In [51]:
class CausalAttention(nn.Module):
  def __init__(self, d_in, d_out,context_length, dropout, qkv_bias=False):
    super().__init__()
    self.d_out = d_out
    self.W_query = nn.Linear(d_in, d_out, bias=qkv_bias)
    self.W_key = nn.Linear(d_in, d_out, bias=qkv_bias)
    self.W_value = nn.Linear(d_in, d_out, bias=qkv_bias)
    self.dropout = nn.Dropout(dropout)
    self.register_buffer('mask', torch.triu(torch.ones(context_length, context_length), diagonal=1))

  def forward(self, x):
    b, num_tokens, d_in = x.shape # New batch of dimension b
    queries = self.W_query(x)
    keys = self.W_key(x)
    values = self.W_value(x)

    attn_scores = queries @ keys.transpose(1,2)
    attn_scores = attn_scores.masked_fill(self.mask.bool()[:num_tokens, :num_tokens], -torch.inf)
    attn_weights = torch.softmax(attn_scores / keys.shape[-1]**0.5, dim=-1)
    attn_weights = self.dropout(attn_weights)
    context_vector = attn_weights @ values

    return context_vector

In [52]:
print(d_in)

3


In [53]:
print(d_out)

2


In [54]:
torch.manual_seed(123)
context_length = batch.shape[1]
ca = CausalAttention(d_in, d_out, context_length, dropout=0.0)
context_vecs = ca(batch)
print(context_vecs.shape)

torch.Size([2, 6, 2])


In [55]:
print(context_vecs)

tensor([[[-0.4519,  0.2216],
         [-0.5874,  0.0058],
         [-0.6300, -0.0632],
         [-0.5675, -0.0843],
         [-0.5526, -0.0981],
         [-0.5299, -0.1081]],

        [[-0.4519,  0.2216],
         [-0.5874,  0.0058],
         [-0.6300, -0.0632],
         [-0.5675, -0.0843],
         [-0.5526, -0.0981],
         [-0.5299, -0.1081]]], grad_fn=<UnsafeViewBackward0>)


# Multi-Head Attention

In multi head attention, we run each heads in parallel and combine them for final output context vector.

In causal attention, we used one key, query and value (i.e. single head)
If we use multiple key,query,value for same inputs and combine all the output context vectors from each to give final context vector, then it is known as multi head attention.


In [58]:
# when we use multiple instances of causal attention, we create multi head attention
class MultiHeadAttentionWrapper(nn.Module):
  def __init__(self, d_in, d_out, num_heads, context_length, dropout, qkv_bias=False):
    super().__init__()
    # create instance of causal attention class as per num_heads
    self.heads = nn.ModuleList(
        [CausalAttention(d_in, d_out, context_length, dropout, qkv_bias) for _ in range(num_heads)]
    )

  def forward(self, x):
    # concat all the instance
    return torch.cat([head(x) for head in self.heads], dim=-1)

In [59]:
inputs = torch.tensor(
    [[0.43,0.15,0.89], # Your (x^1)
     [0.55,0.87,0.66], # journey (x^2)
     [0.57,0.85,0.64], # starts (x^3)
     [0.22,0.58,0.33], # with (x^4)
     [0.77,0.25,0.10], # one (x^6)
     [0.05,0.80,0.55]] # step (x^7)
    )
batch = torch.stack((inputs,inputs), dim=0)
print(batch.shape)


torch.Size([2, 6, 3])


In [62]:
# suppose we have 2 num_heads and each head gives output as 2 dimensional context,
# then final combination of 2 and 2 will produce 4 dimensional context matrix.
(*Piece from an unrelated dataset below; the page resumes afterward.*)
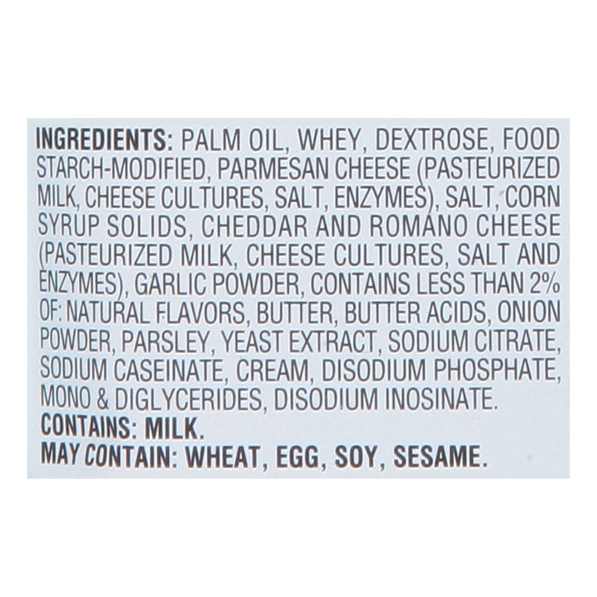 Palm Oil, Whey, Dextrose, Food Starch-Modified, Parmesan Cheese (Pasteurized Milk, Cheese Cultures, Salt, Enzymes), Salt, Corn Syrup Solids, Cheddar and Romano Cheese (Pasteurized Milk, Cheese Culture…

context_length = batch.shape[1] # no. of tokens = 6
d_in, d_out = 3,2
mha = MultiHeadAttentionWrapper(d_in, d_out, num_heads=2, context_length=context_length, dropout=0.0)
context_vecs = mha(batch)
print(context_vecs.shape)
print(context_vecs)

torch.Size([2, 6, 4])
tensor([[[-0.1471,  0.4106,  0.4675, -0.2793],
         [-0.2493,  0.3548,  0.4651, -0.0590],
         [-0.2782,  0.3323,  0.4578,  0.0089],
         [-0.2636,  0.2932,  0.4108,  0.0479],
         [-0.2197,  0.2186,  0.3167,  0.0217],
         [-0.2420,  0.2433,  0.3495,  0.0638]],

        [[-0.1471,  0.4106,  0.4675, -0.2793],
         [-0.2493,  0.3548,  0.4651, -0.0590],
         [-0.2782,  0.3323,  0.4578,  0.0089],
         [-0.2636,  0.2932,  0.4108,  0.0479],
         [-0.2197,  0.2186,  0.3167,  0.0217],
         [-0.2420,  0.2433,  0.3495,  0.0638]]], grad_fn=<CatBackward0>)


Now, the problem here is we are calculating each instance one by one and combining, which is highly inefficient. We can solve this with parallel computation of heads.

Computing simultaneously the output of all heads by matrix multiplication.